Los datos oficiales del Secretariado Ejecutivo del Sistema Nacional de Seguridad Pública confirman la gravedad y colocan a Quintana Roo como líder nacional en trata de personas con 844 víctimas rescatadas, concentrando el 33.5% de los casos a nivel nacional.
Ante esto, el fiscal general del Estado, Raciel López Salazar, reconoció la alarmante realidad, pero indicó que la efectividad de las denuncias han permitido ejecutar 139 operativos con 98 detenciones y 24 sentencias condenatorias en 20 en los últimos dos años.
El informe internacional, que evalúa a 193 países, revela que la crisis criminal mexicana alcanza niveles críticos en múltiples frentes.
El tráfico de cocaína, drogas sintéticas, armas y personas obtienen calificaciones de 9 sobre 10, mientras que la extorsión y trata de personas registran 8 puntos.

Los delitos financieros superan incluso estas cifras con 8.5 puntos, y preocupa especialmente el crecimiento del comercio ilegal de especies en peligro, que aumentó medio punto hasta 7.5, demostrando la alarmante diversificación de las economías ilícitas.
Aunque el estudio no clasifica entidades federativas, la mención explícita de Cancún y Playa del Carmen como focos de explotación sexual y lavado de dinero -confirmada con las 844 víctimas rescatadas, incluyendo 102 menores de edad y 196 extranjeras- coloca a Quintana Roo en el mapa de alta prioridad criminal internacional.
Las víctimas procedían de países como Colombia, Venezuela, El Salvador, Brasil, Argentina, Guatemala, Cuba, Honduras, Italia, Noruega, Ucrania y Rusia, evidenciando el alcance transnacional de estas redes.

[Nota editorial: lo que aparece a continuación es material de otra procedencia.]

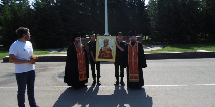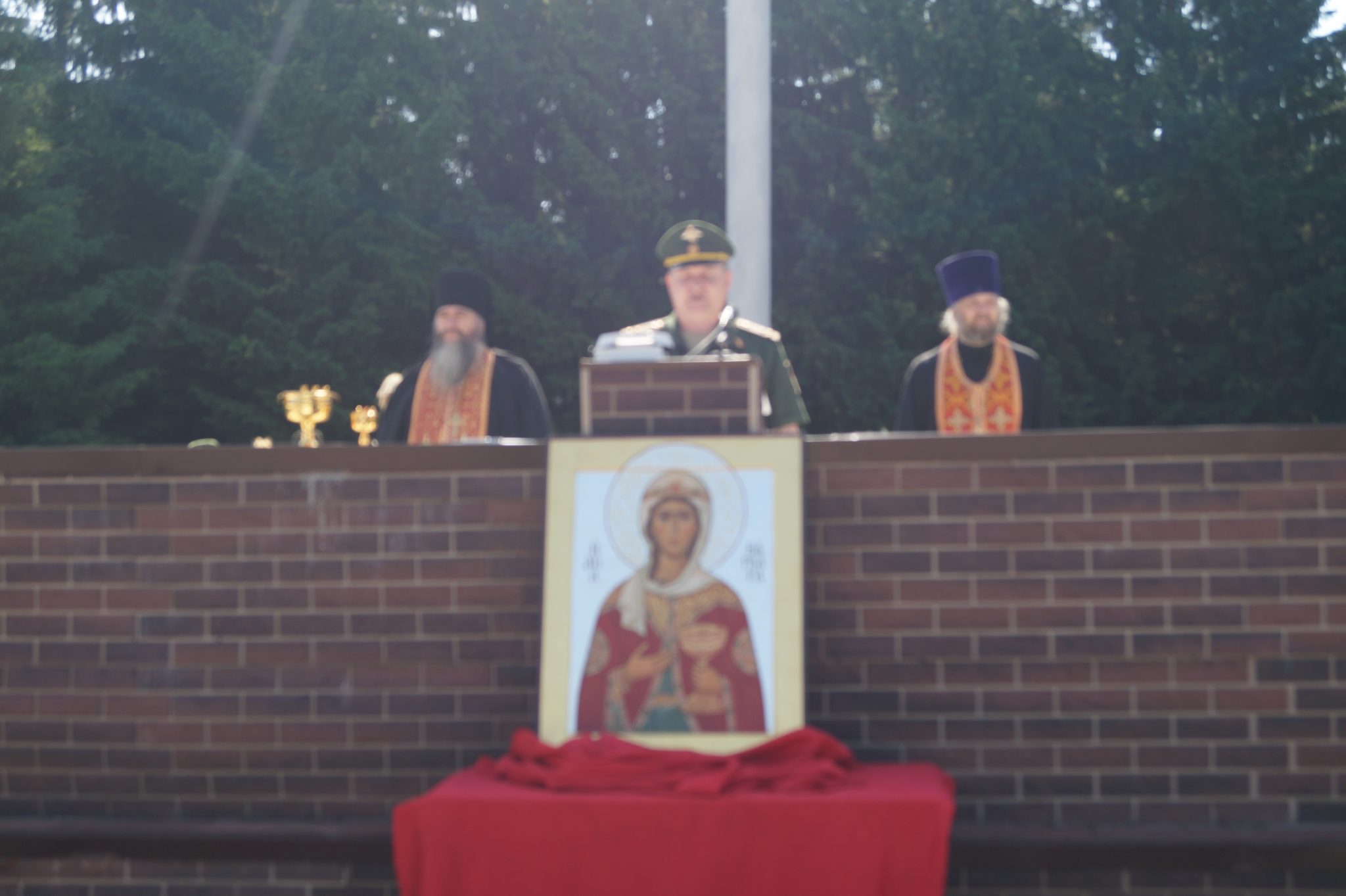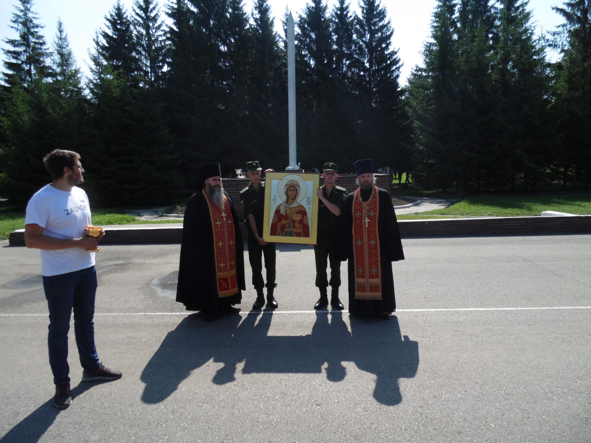 Перед военнослужащими выступили: командир дивизии Драй Ю.В. руководитель епархиального отдела по взаимодействию с Вооруженными Силами и правоохранительными органами Козельской епархии иерей Николай Кузнецов и насельник Оптиной Пустыни иеромонах Силуан. Был отслужен краткий молебен и вознесена молитва великомученице Варваре. Икона и военнослужащие окроплены святой водой.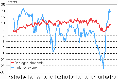 Konsumenternas förväntningar på den egna ekonomin och Finlands ekonomi om ett år 10/1995-12/2009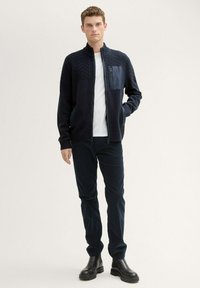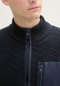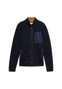 Moderne Strickjacke mit seitlichen Eingriffstaschen und großer Brusttasche aus Nylon. Mit Logo-Badge am Ärmel und Rippbündchen am Saum.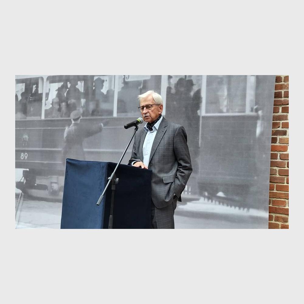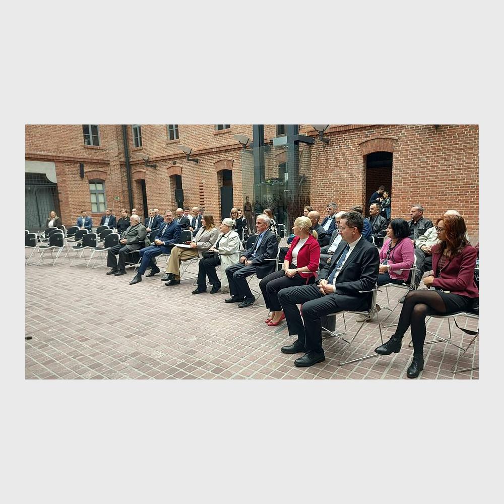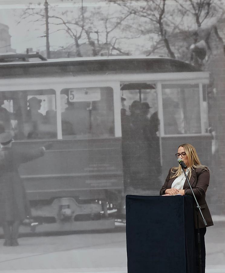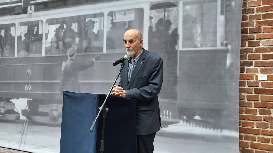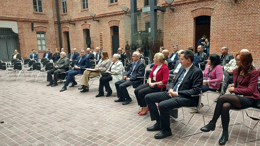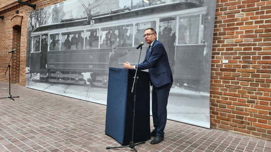 Na muzealnym dziedzińcu przed dużych rozmiarów bannerem ze zdjęciem krakowskiego tramwaju z 1941 r. zasiedli zaproszeni goście. Byli wśród nich członkowie władz Miejskiego Przedsiębiorstwa Komunikacyjnego w Krakowie, krewni bohaterów wystawy, dawni i byli pracownicy MPK, a także autorzy ekspozycji.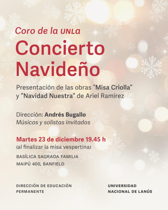 El evento- que contará con la dirección de Andrés Bugallo- tendrá músicos y artistas invitados, que presentarán las obras "Misa Criolla" y "Navidad Nuestra" de Ariel Ramírez.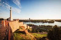 Een zonsondergang in de Servische hoofdstad Belgrado. De foto toont een uitzicht op de samenvloeiing van de rivieren Sava en Donau vanaf het fort Kalemegdan, evenals het standbeeld van Pobednik, het herkenningspunt van Belgrado.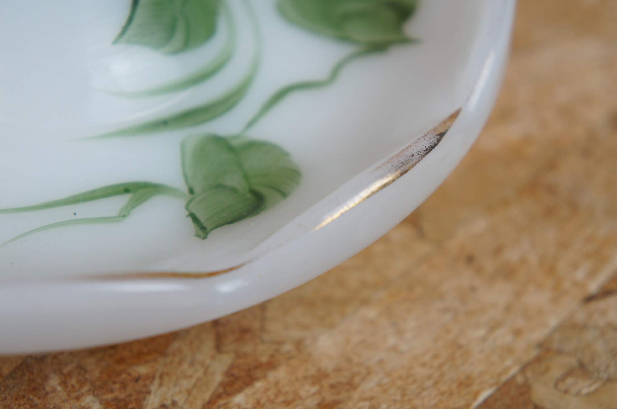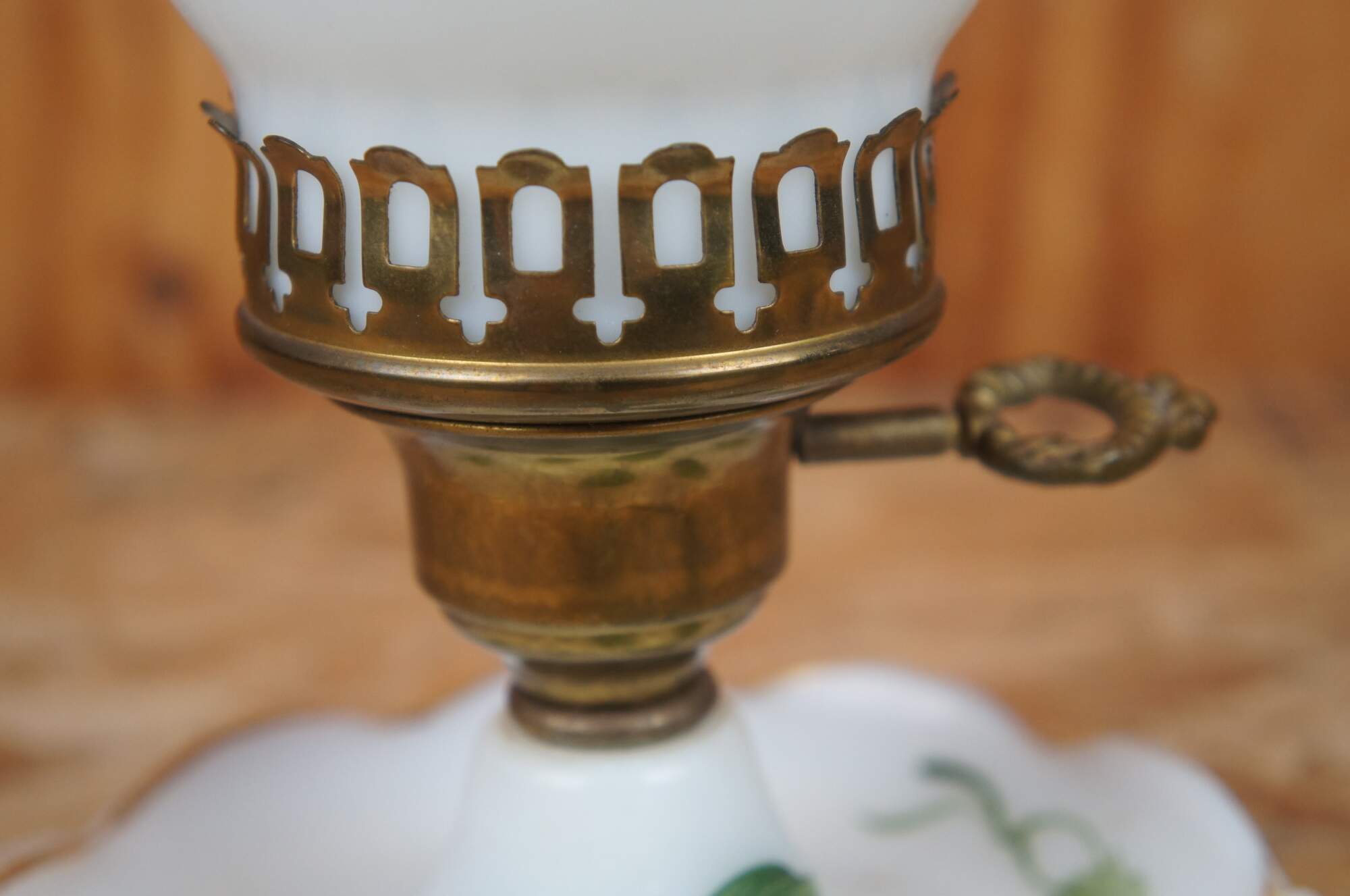 Two vintage mid century hand painted brass and white milk glass desk / library / vanity lamps featuring chamber candlestick style base and hurricane shades with green ivy and vines.
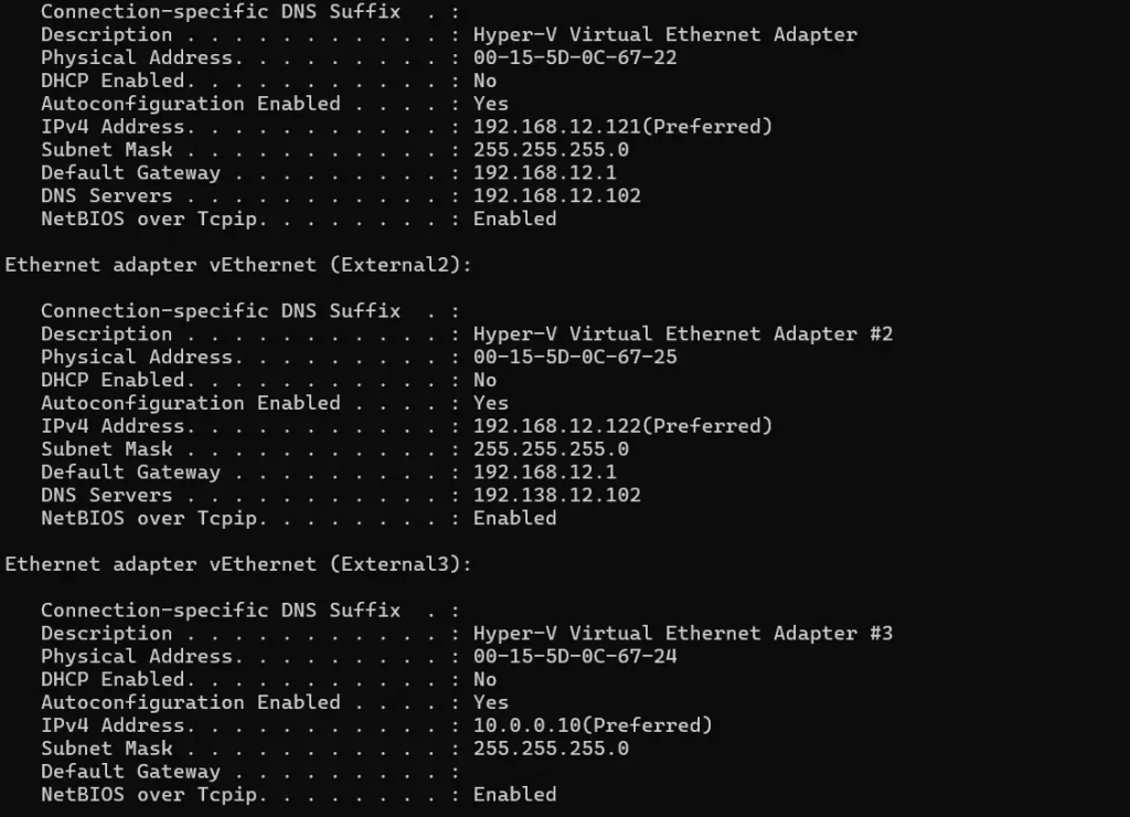 因此,为 Node1 和 Node2 虚拟机分配了 3 个虚拟网卡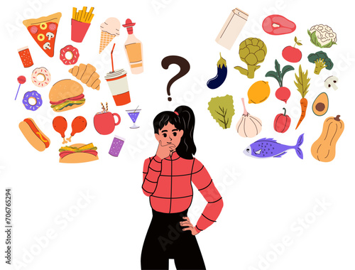 Vektorové ilustrace krásné ženy s menu. Servírka charakter, sladkosti, pečivo, pečená krůta v retro pop art komické stylu.
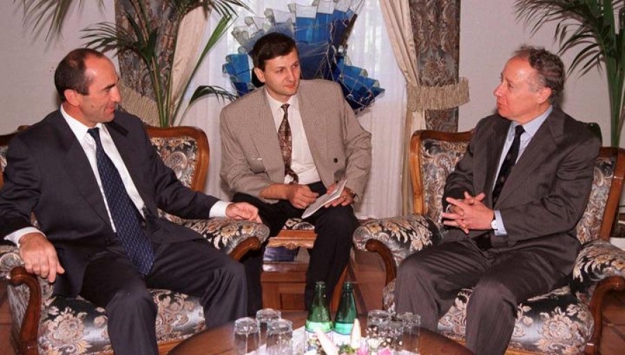 Այս լուսանկարում Հայաստանում ԱՄՆ 2-րդ դեսպան Պիտեր Թոմսենն է նախագահ Ռոբերտ Քոչարյանի հետ։Դեսպան Թոմսենը ղեկավարել է ԱՄՆ դեսպանությունը 1995թ․ սեպտեմբերի 6-ից մինչև 1998թ․ սեպտեմբերի 6-ը: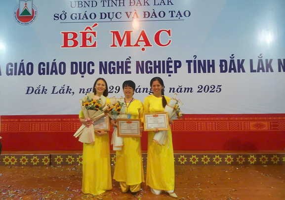 Hội giảng là dịp để tôn vinh những nhà giáo tâm huyết, sáng tạo, tận tụy với nghề. Ban tổ chức đã trao 03 giải thưởng cho các tiết giảng xuất sắc của Trường trung cấp Đắk Lắk, trong đó có 02 giải Ba: Cô Vũ Lan Hương môn khoa Kinh tế và Cô Lê Thị Mai Liêm khoa Cơ bản và 01 Khuyến khích Cô Nguyễn Thị Châu khoa Kinh tế.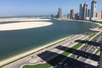 للبيع شقة برج الشاطئ في الخان علي البحيرة اطلالة جانبية غرفة وصالة و2 حمام بدون موقف سيارات بسعر 550 ألف درهم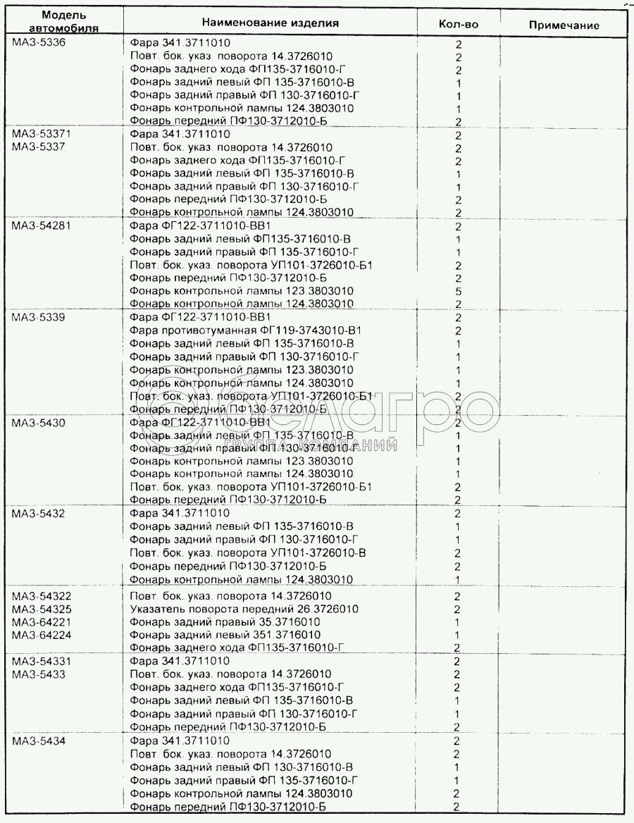 Каталог запасных частей к технике: МАЗ Справочник. Фонари и фары автомобилей МАЗ
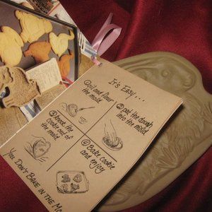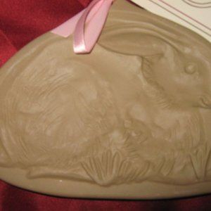 VINTAGE 1986 BROWN BAG COOKIE ART RUNNING RABBIT DESIGN CERAMIC COOKIE MOLD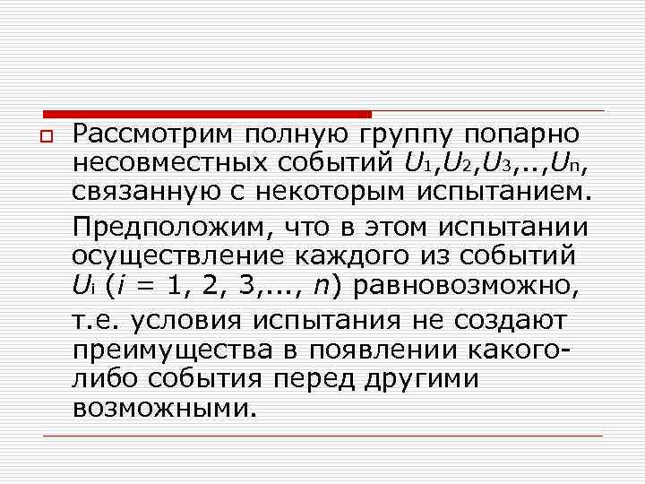 o Рассмотрим полную группу попарно несовместных событий U 1, U 2, U 3, . . , Un, связанную с некоторым испытанием. Предположим, что в этом испытании осуществление каждого из событий Ui (i = 1, 2, 3, . . . , n) равновозможно, т. е. условия испытания не создают преимущества в появлении какоголибо события перед другими возможными.

El informe refiere que los cárteles de Sinaloa y CJNG han evolucionado hacia verdaderas corporaciones criminales que controlan desde prisiones hasta cadenas de suministro legales, empleando una fuerza laboral comparable a grandes empresas.
Su radio de acción se expande constantemente, ahora incursionan en tráfico de totoaba, minería ilegal y cibercrimen.
Frente a esta realidad,el Índice Global de Crimen Organizado 2025, asegura que México, muestra debilidades en liderazgo político y gobernanza, pues, apenas alcanzan 3.50 de 10 puntos, empeorando medio punto desde 2023.
La transparencia gubernamental retrocedió un punto completo hasta 4.00, mientras el sistema judicial se estancó en la misma baja calificación.
La situación es especialmente grave en integridad territorial, con apenas 3.00 puntos, confirmando un deterioro generalizado en la capacidad institucional para combatir el crimen.
La infiltración criminal en las instituciones gubernamentales alcanza niveles alarmantes. Los gobiernos municipales son los más vulnerables, pero también se documentan vínculos de altos funcionarios estatales y federales con grupos delictivos.
Casos emblemáticos como Genaro García Luna y la Estafa Maestra, refiere el informe, ejemplifican esta penetración, que incluso alcanza sectores estratégicos como la minería e industrias extractivas, ahora bajo control criminal.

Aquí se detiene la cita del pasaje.